▸ **GIVEN MATERIAL**:
::::::::::

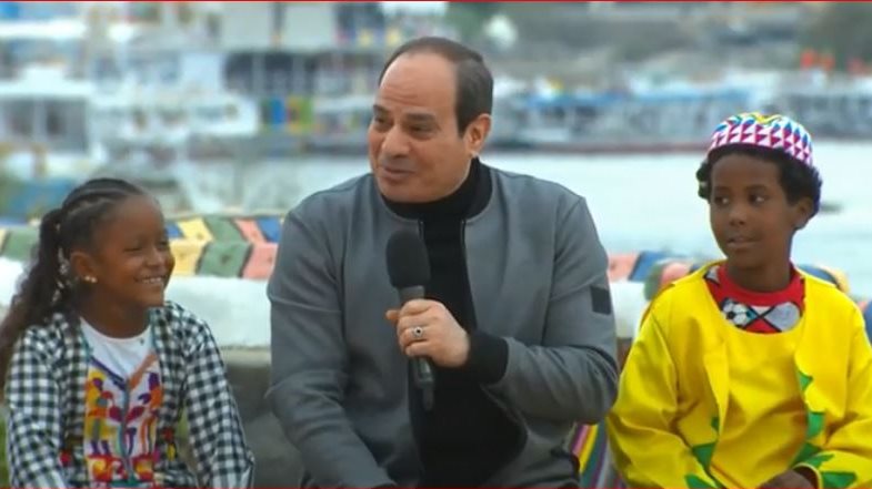 وكان أهالي قرية غرب سهيل، استقبلوا الرئيس السيسي بالزغاريد، ونظم عدد من الأطفال أغنية باللهجة النوبية خاصة للرئيس السيسي للترحيب به، وطلب منهم الرئيس تعليمه الكلمات وترديدها معهم قبل أن يلتقط صورة تذكارية معهم.
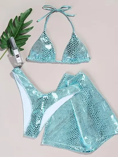 Women's Halter Thongs 3 Piece Bikini Set Waterproof Quick Dry Luxury Beachwear Customizable
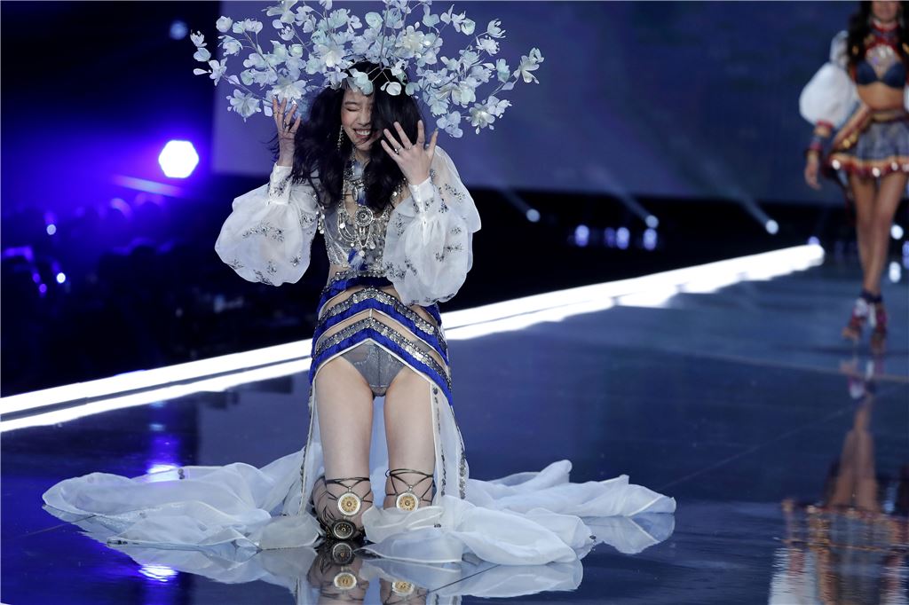[아시아경제 이진수 기자]중국 상하이(上海)에서 21일(현지시간) 열린 세계적인 속옷 브랜드 빅토리아시크릿(VS) 패션쇼 도중 중국 출신의 톱모델 밍시(28·본명 시멍야오·奚夢瑤·사진)가 무대에서 꽈당 넘어지는 민망한 장면을 연출하고 말았다.이날 밍시는 화려한 레이스에 꽃무늬 장식이 달린 속옷 의상을 입고 무대로 올랐다. 그러나 워킹 중 검투사 하이힐을 신은 발이 화사한 망토 위에 놓여 미끄러지면서 넘어진 것. 민망해서 어쩔 줄 모르는 그의 모습은 영국 데일리메일 등 여러 매체에 적나라하게 포착됐다.VS 런웨이에 서는 모델들을 흔히 '엔젤'이라고 부른다. 그래서 외신들은 이번 사고의 주인공인 밍시를 '꽈당 천사(fallen Angel)'라고 표현하기도 했다.밍시는 잠시 당황하면서도 더 이상의 참사(?)가 일어나지 않도록 머리의 꽃장식을 바로잡았다. 그는 곧 동료 모델의 도움으로 다시 일어나 런웨이를 밟았다.중국의 톱모델 밍시는 2013년부터 계속 VS 패션쇼에 모습을 드러내고 있다.<div class="testMove">

::::::::::

▸ **ACTION ITEM**:
Transcribe the material above word for word; images do not belong in the copy.

▸ **EXERCISE RESULT**:
 وكان أهالي قرية غرب سهيل، استقبلوا الرئيس السيسي بالزغاريد، ونظم عدد من الأطفال أغنية باللهجة النوبية خاصة للرئيس السيسي للترحيب به، وطلب منهم الرئيس تعليمه الكلمات وترديدها معهم قبل أن يلتقط صورة تذكارية معهم.
 Women's Halter Thongs 3 Piece Bikini Set Waterproof Quick Dry Luxury Beachwear Customizable
[아시아경제 이진수 기자]중국 상하이(上海)에서 21일(현지시간) 열린 세계적인 속옷 브랜드 빅토리아시크릿(VS) 패션쇼 도중 중국 출신의 톱모델 밍시(28·본명 시멍야오·奚夢瑤·사진)가 무대에서 꽈당 넘어지는 민망한 장면을 연출하고 말았다.이날 밍시는 화려한 레이스에 꽃무늬 장식이 달린 속옷 의상을 입고 무대로 올랐다. 그러나 워킹 중 검투사 하이힐을 신은 발이 화사한 망토 위에 놓여 미끄러지면서 넘어진 것. 민망해서 어쩔 줄 모르는 그의 모습은 영국 데일리메일 등 여러 매체에 적나라하게 포착됐다.VS 런웨이에 서는 모델들을 흔히 '엔젤'이라고 부른다. 그래서 외신들은 이번 사고의 주인공인 밍시를 '꽈당 천사(fallen Angel)'라고 표현하기도 했다.밍시는 잠시 당황하면서도 더 이상의 참사(?)가 일어나지 않도록 머리의 꽃장식을 바로잡았다. 그는 곧 동료 모델의 도움으로 다시 일어나 런웨이를 밟았다.중국의 톱모델 밍시는 2013년부터 계속 VS 패션쇼에 모습을 드러내고 있다.<div class="testMove">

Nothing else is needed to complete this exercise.